If you are concerned about Roxgold's future and would like to know more about why I have taken the time, energy and expense to propose these changes, please read the enclosed proxy circular. I am confident you will agree that the facts speak for themselves, and that the solution is clear.
Please then complete the BLUE proxy to vote FOR the election of the shareholder nominees.
In making your decision, consider the following:
- Roxgold's dismal share price performance under the current board: Roxgold's shares fell from $2.27 on March 5, 2012, to $0.56 on July 6, 2012 (the last trading day before I announced my intention to replace the board), a decline of no less than 75.3% in just over four months.
- Excessive option grants to incumbents: Since the current board took over in late 2010, it has awarded approximately 12.5 million options, despite the fact that Roxgold had only 13.5 million shares outstanding in total as recently as of October 26, 2010. This means that the company has now issued more than 98% of available options under its rolling 10% stock option plan. The number of shares outstanding has soared nearly ten times, to 124.8 million shares as of the record date for the meeting. Incredibly, the current directors have seen fit to grant most of these stock options to themselves even as they paid themselves outrageous cash bonuses as described below. Not only is this a damning example of egregious self-dealing but the lack of remaining available option capacity has seriously hampered Roxgold's ability to recruit and develop an experienced senior management team and technical staff.
The management circular put out by the new management slate trumpets the fact that the current board has agreed to cancel approximately half the excessive option grants. This is not only a clear admission of guilt but a completely disingenuous gesture to mask further self-dealing. Let's put into perspective the new management slate's so-called "new direction and focus":
- All options the directors voluntarily cancelled were deeply underwater and had been for some time. The share price on August 22, 2012 was $0.55 while 3,525,000 of the options cancelled had an exercise price of $1.25 and the other 1,550,000 options cancelled had an exercise price of $2.00. Half of the excessive options the directors "voluntarily cancelled" were the options with virtually no value to them. In light of the current share price, these options obviously have negligible value, if any.
- None of the other options that were NOT underwater were "voluntarily" cancelled.

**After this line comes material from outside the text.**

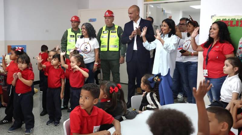 La vicepresidenta Ejecutiva de la República Bolivariana de Venezuela, Delcy Rodríguez, y el ministro del Poder Popular para la Educación, Héctor Rodríguez, reinauguraron este martes el Centro de Educación Inicial “Cecilia Pimentel”, en Caracas. En ese espacio, la vicepresidenta afirmó que no han podido con Venezuela, “no podrán con sus maestras y maestros, con la familia que se ve integrada en este centro de educación”.

- According to the Roxgold stock option plan approved by shareholders at the last AGM, the surviving options held by the directors that are not standing for re-election would expire 90 days following the meeting. But the new management slate, acting in concert with the existing board, quietly and without notice or support from the shareholders, approved an amendment to the option plan less than a week ago (on August 27th). This allowed them to cut a sweetheart deal with the four directors who were asked to go. Now, options that would have expired in 90 days will run for an entire year.
- To add insult to injury, nowhere was this press released. Nowhere was this mentioned in the new management slate's letter to shareholders or in their summary document. Instead, the option plan amendment was buried on page 14 of the new management slate's circular where they tried to pull this off as a "housekeeping" matter. The actual reliance on the amendment and extension of the option terms of the four outgoing directors was further buried on page 30 of the circular.

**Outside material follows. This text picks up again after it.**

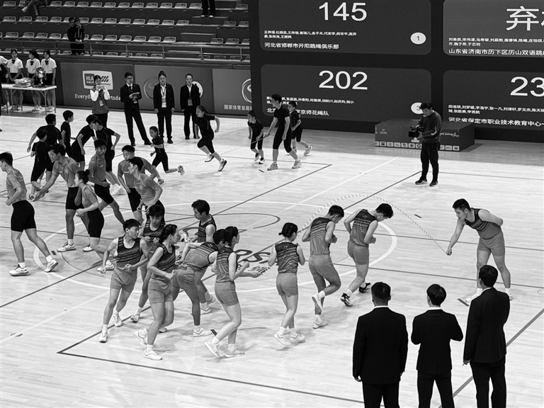 与此同时,3分钟10人长绳“8”字跳项目中,保定市职业技术教育中心一队展现出超强团队协作能力,队员们衔接几乎零失误,绳子甩动的呼呼声与脚步声形成整齐韵律,最终以357次的成绩夺冠。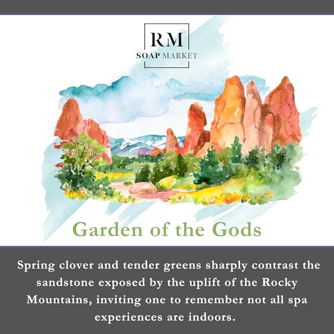 - BREATHTAKING GARDEN OF THE GODS FRAGRANCE: Transport yourself to the majestic Rocky Mountains with the Garden of the Gods fragrance, where the fresh scent of spring clover and tender greens contrasts with the rugged beauty of sandstone formations. This invigorating aroma evokes the natural elegance of an outdoor spa experience, connecting you to the serene landscapes that inspire it.

- Actions always speak louder than words. The new management slate would have you believe that they bring something new to the table. However in their very first test as Roxgold directors, they failed miserably by allowing an exchange of worthless options for a sweetheart deal that extends their more valuable options for a full year. Why did they not stand up for shareholders and demand that the current board cease and desist from these self-serving actions? WE CANNOT ALLOW SUCH EGREGIOUS SELF-ENRICHMENT TO STAND OR BE CONTINUED.
- Excessive compensation: In addition to the excessive option grants, the non-executive directors have also paid themselves aggregate cash bonuses of $240,000 in FY2011. In addition, the current board has taken the unprecedented step of paying the CEO $113,000 for serving as a director of the company.
- Management concerns: The current board has failed to recruit and develop an experienced senior management team and technical staff to advance the Yaramoko project. Roxgold still has only one senior geologist operating on a rotation basis, and management remains dependent on local geologists and contractors to undertake roles that should be the company's responsibility. We are also concerned that the new CEO proposed by the outgoing board and endorsed by the new management slate was selected in a matter of days. The selection of a CEO is a critical decision for any company and requires careful consideration of the best candidates rather than being rushed through in mere days during a proxy battle over the company's future direction.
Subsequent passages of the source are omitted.